Despite their physical ailments, the trekkers were fascinated with what they saw. They crossed through tiny mountain villages as high as 13,000 feet, saw Buddhist prayer flags and rocks engraved with Tibetan prayers along the trail and passed herds of yaks (stocky long-haired oxen) wearing bells around their necks.

But the majestic beauty of the snow-covered mountains was the overwhelming sight.

"Even when you're at 15 or 16,000 feet, they're towering above you," Toole said. "It's just an awesome feeling of grandeur."

They bathed using warm water delivered to their tents each morning. They read or wrote when they weren't trekking.
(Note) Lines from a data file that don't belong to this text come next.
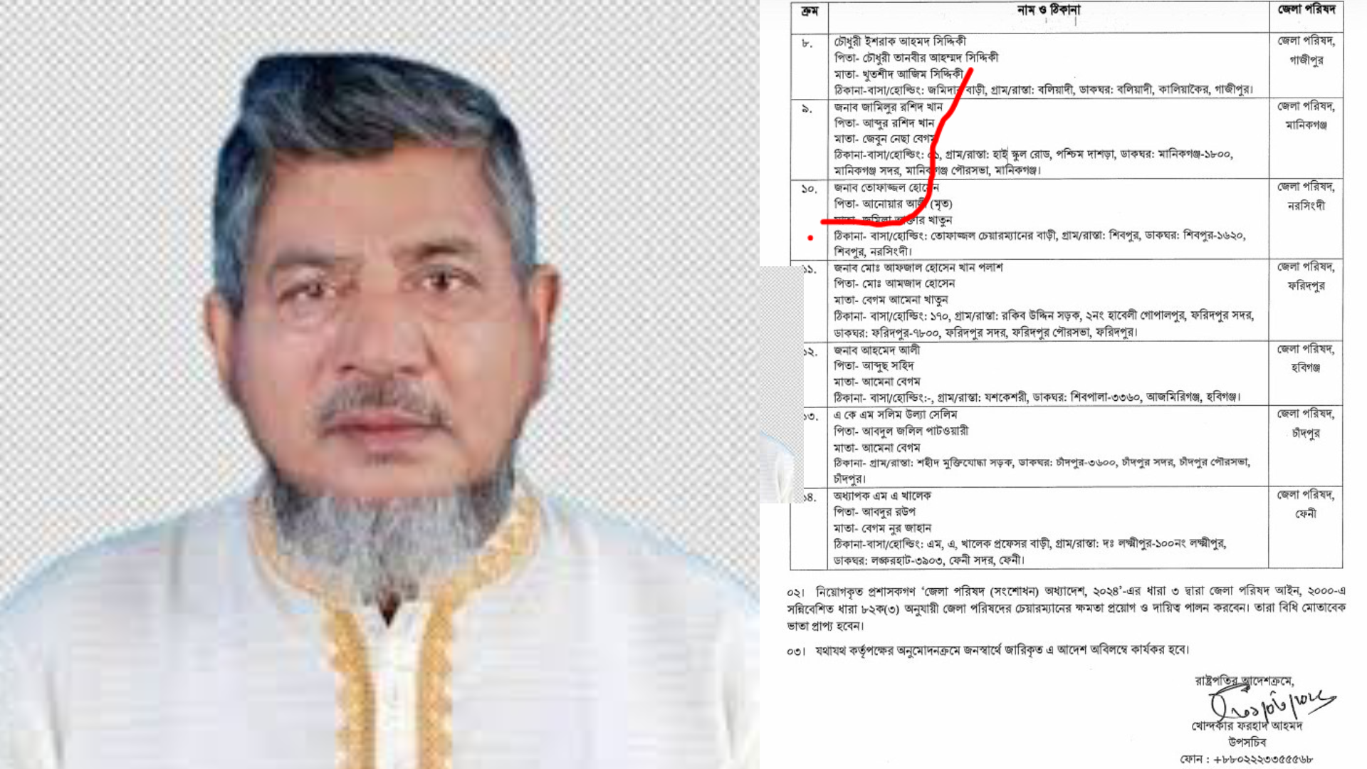 নরসিংদী প্রতিনিধি নরসিংদী জেলা পরিষদ প্রশাসক হিসেবে নিয়োগ পেয়েছেন জেলা বিএনপির সহসভাপতি তোফাজ্জল হোসেন মাষ্টার। তোফাজ্জল হোসেন মাস্টারের দীর্ঘ রাজনৈতিক জীবনে তিনি নরসিংদী জেলা বিএনপির দুঃসময়ের কান্ডারী হিসেবে পরিচিত। দীর্ঘ রাজনৈতিক জীবনে তিনি ২৭ বছর জেলা বিএনপির সাধারণ সম্পাদকের দায়িত্ব পালন করেছে। তোফাজ্জল হোসেন মাস্টার শিবপুর পৌরসভার (সাবেক চক্রদা ইউনিয়ন) Details..
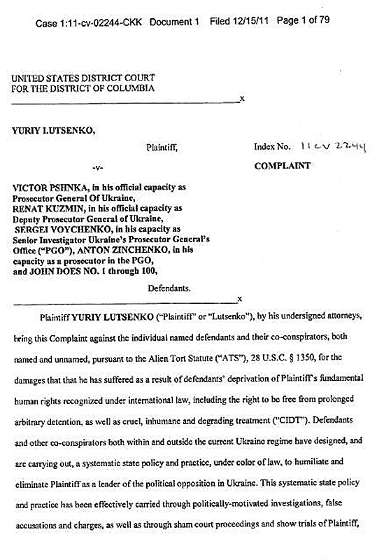 Текст иска Юрия Луценко в Федеральный суд округа Колумбия против Генпрокурора Украины Виктора Пшонки, первого заместителя Генпрокурора Рената Кузьмина, старшего следователя Генпрокуратуры Сергея Войченко и прокурора Генпрокуратуры Антона Зинченко.
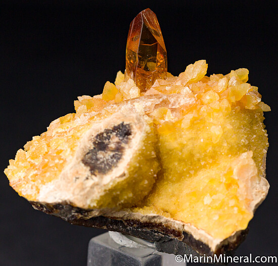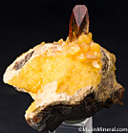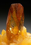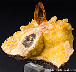 Gem quality 1.8cm Barite crystal on yellow Calcite crystals. Chipping along the back edge, otherwise undamaged with a perfect termination.
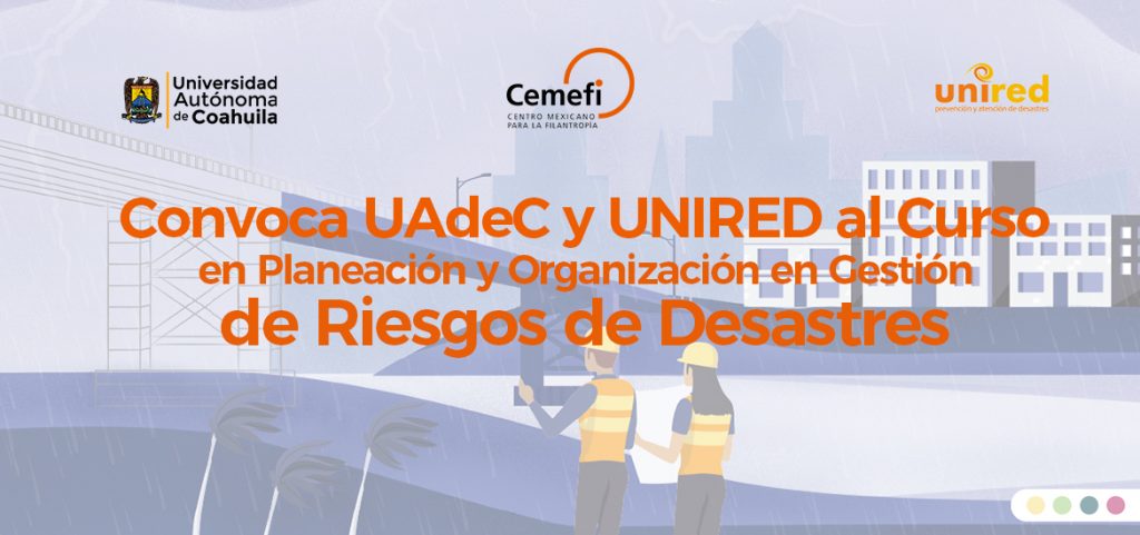 Con el objetivo de prevenir y gestionar riesgos de desastres en la comunidad y centros de trabajo, la Universidad Autónoma de Coahuila a través de la Coordinación General de Extensión Universitaria en colaboración con la Red Universitaria para la Prevención y Atención de Desastres (UNIRED), convocan al curso especializado en línea sobre Planeación y Organización en Gestión de Riesgos de Desastres, que inicia el 17 de agosto.
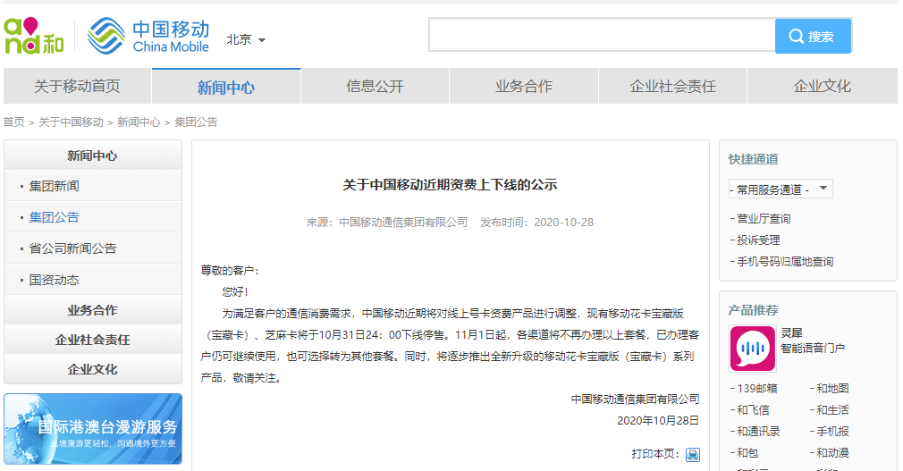 公示称,为满足客户的通信消费需求, 中国移动近期将对线上号卡资费产品进行调整,现有移动花卡宝藏版(宝藏卡)、芝麻卡将于10月31日24:00下线停售。
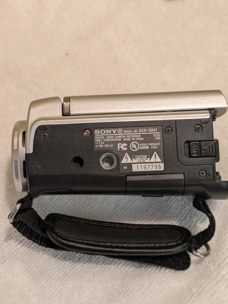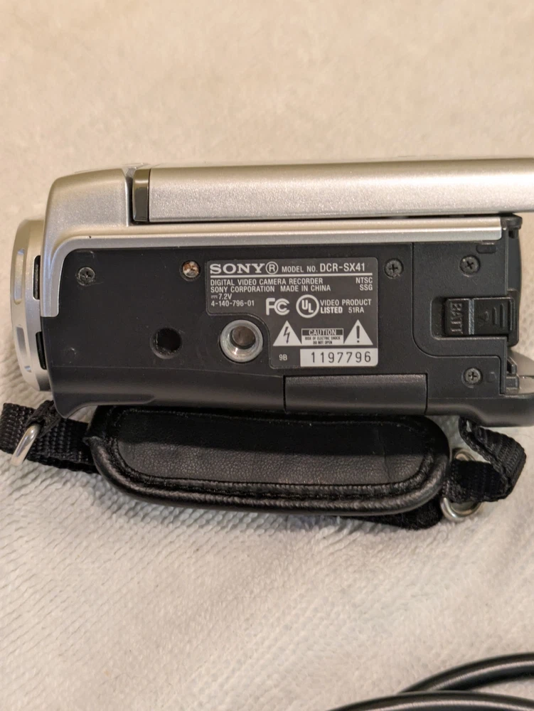 Your purchase will come with the following: 1 Sony Handycam DCR-SX41 1 charging cord w/adapter (for 120 wall outlet) 1 USB to mini usb cable 2 batteries (larger one and brand new smaller one) 1 plug in battery charger (brand new) 1 AV out cable 1 tripod There is no manual or box/case for this unit.
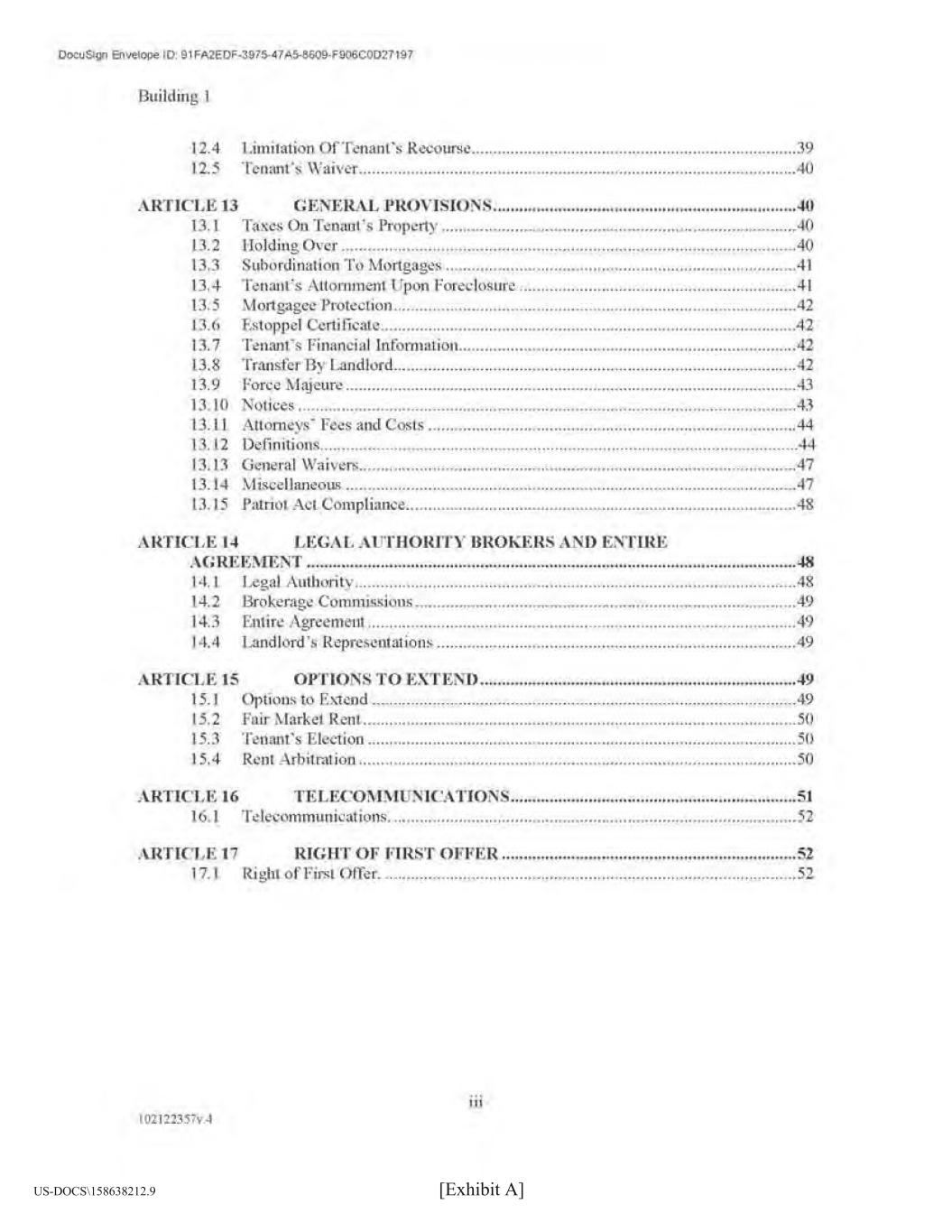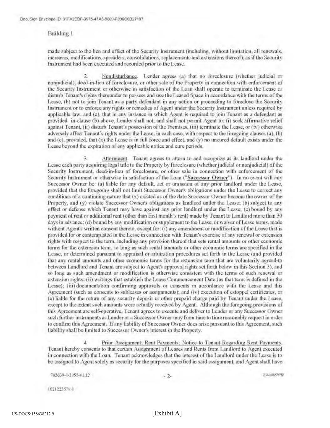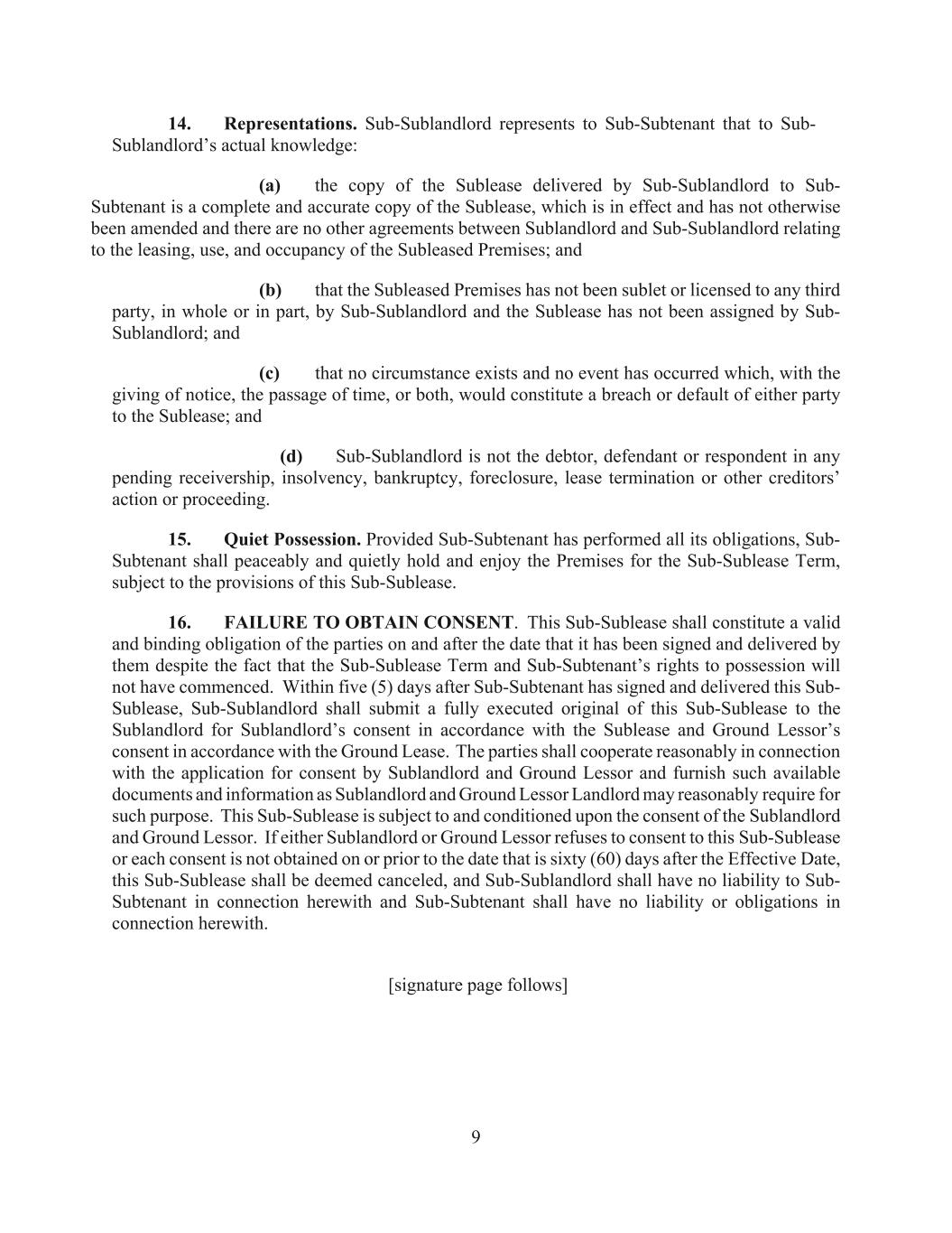 9 14. Representations. Sub-Sublandlord represents to Sub-Subtenant that to Sub- Sublandlord’s actual knowledge: (a) the copy of the Sublease delivered by Sub-Sublandlord to Sub- Subtenant is a complete and accurate copy of the Sublease, which is in effect and has not otherwise been amended and there are no other agreements between Sublandlord and Sub-Sublandlord relating to the leasing, use, and occupancy of the Subleased Premises; and (b) that the Subleased Premises has not been sublet or licensed to any third party, in whole or in part, by Sub-Sublandlord and the Sublease has not been assigned by Sub- Sublandlord; and (c) that no circumstance exists and no event has occurred which, with the giving of notice, the passage of time, or both, would constitute a breach or default of either party to the Sublease; and (d) Sub-Sublandlord is not the debtor, defendant or respondent in any pending receivership, insolvency, bankruptcy, foreclosure, lease termination or other creditors’ action or proceeding. 15. Quiet Possession. Provided Sub-Subtenant has performed all its obligations, Sub- Subtenant shall peaceably and quietly hold and enjoy the Premises for the Sub-Sublease Term, subject to the provisions of this Sub-Sublease. 16. FAILURE TO OBTAIN CONSENT. This Sub-Sublease shall constitute a valid and binding obligation of the parties on and after the date that it has been signed and delivered by them despite the fact that the Sub-Sublease Term and Sub-Subtenant’s rights to possession will not have commenced. Within five (5) days after Sub-Subtenant has signed and delivered this Sub- Sublease, Sub-Sublandlord shall submit a fully executed original of this Sub-Sublease to the Sublandlord for Sublandlord’s consent in accordance with the Sublease and Ground Lessor’s consent in accordance with the Ground Lease. The parties shall cooperate reasonably in connection with the application for consent by Sublandlord and Ground Lessor and furnish such available documents and information as Sublandlord and Ground Lessor Landlord may reasonably require for such purpose. This Sub-Sublease is subject to and conditioned upon the consent of the Sublandlord and Ground Lessor. If either Sublandlord or Ground Lessor refuses to consent to this Sub-Sublease or each consent is not obtained on or prior to the date that is sixty (60) days after the Effective Date, this Sub-Sublease shall be deemed canceled, and Sub-Sublandlord shall have no liability to Sub- Subtenant in connection herewith and Sub-Subtenant shall have no liability or obligations in connection herewith. [signature page follows]
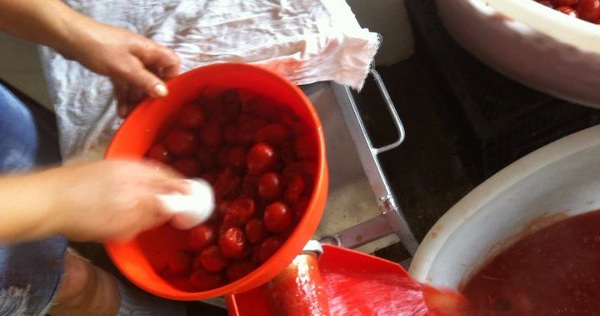 Una volta ricevuta tutta la quantità di prodotto richiesta (i pomodori devono aver raggiunto una fase avanzata di maturazione) si passa al lavaggio: i pomodori vengono messi in grosse bacinelle piene d’acqua per essere lavati accuratamente e per eliminare eventuali parti danneggiate.
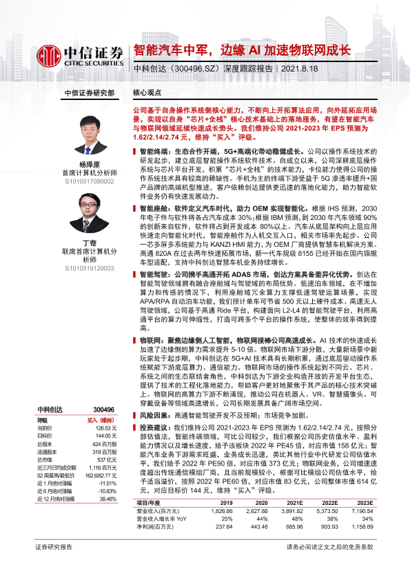 【中信证券】【20210818】20210818-中信证券-中科创达-300496.SZ-深度跟踪报告:智能汽车中军,边缘AI加速物联网成长-48页
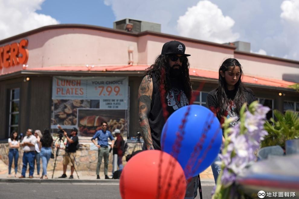 美聯社 / 達志影像民眾在沃爾瑪超市前臨時搭建的紀念區放上鮮花、氣球和玩偶默哀。案發當時,沃爾瑪超市內充滿為了返校採買的民眾。
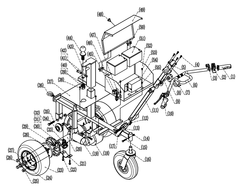电源开关系统: 无级调速手把开关、刹车断电手把、前进倒退开关、快慢档开关、充电插座、电路过载过流保护、电量显示
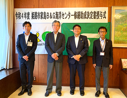 6月6日(月)、兵庫県姫路市役所で2022年度「地域海洋センター修繕助成」の決定書授与式が行われました。
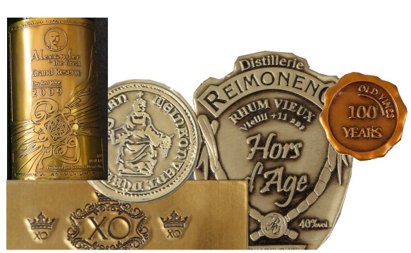 …such as gold coloring, a crest or even a cartouche.” You can save with a lighter-weight bottle and still add considerable shelf appeal with a judicious use of decoration and a quality-embuing label. Global Package’s decades-long partnership with pewter label maker, Etiq’Etains—the French manufacturer that is known worldwide for innovative and beautiful tin, pewter, labels—gives us important leverage when purchasing pewter, tin, and gold-foil labels.
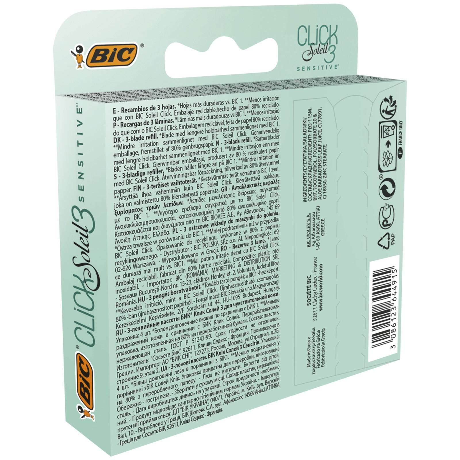 BIC Click 3 Soleil Sensitive, ανταλλακτικά γυναικείου ξυριστικού, 3 κινητές λεπίδες και λιπαντική ταινία – συσκευασία 4 τεμ
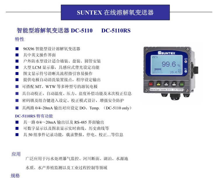 (SUNTEX)在線溶解氧DC-5110

They pressed on.

"The higher you get, you just focus on the necessities," said Marrinan, who teaches archaeology at FSU.

Finally, they realized they weren't going to make the base camp goal. At Lobuche, an Italian research station at 16,655 feet, they made the agonizing decision to turn back.
They weren't alone; half of the group didn't make base camp. They were still disappointed.

"Yeah. Quite. Very," said Toole. "You know, it was my goal to go there. It was a dream. But I also read a lot of books on high mountain illness, and you just don't want to play around with being sick at that elevation."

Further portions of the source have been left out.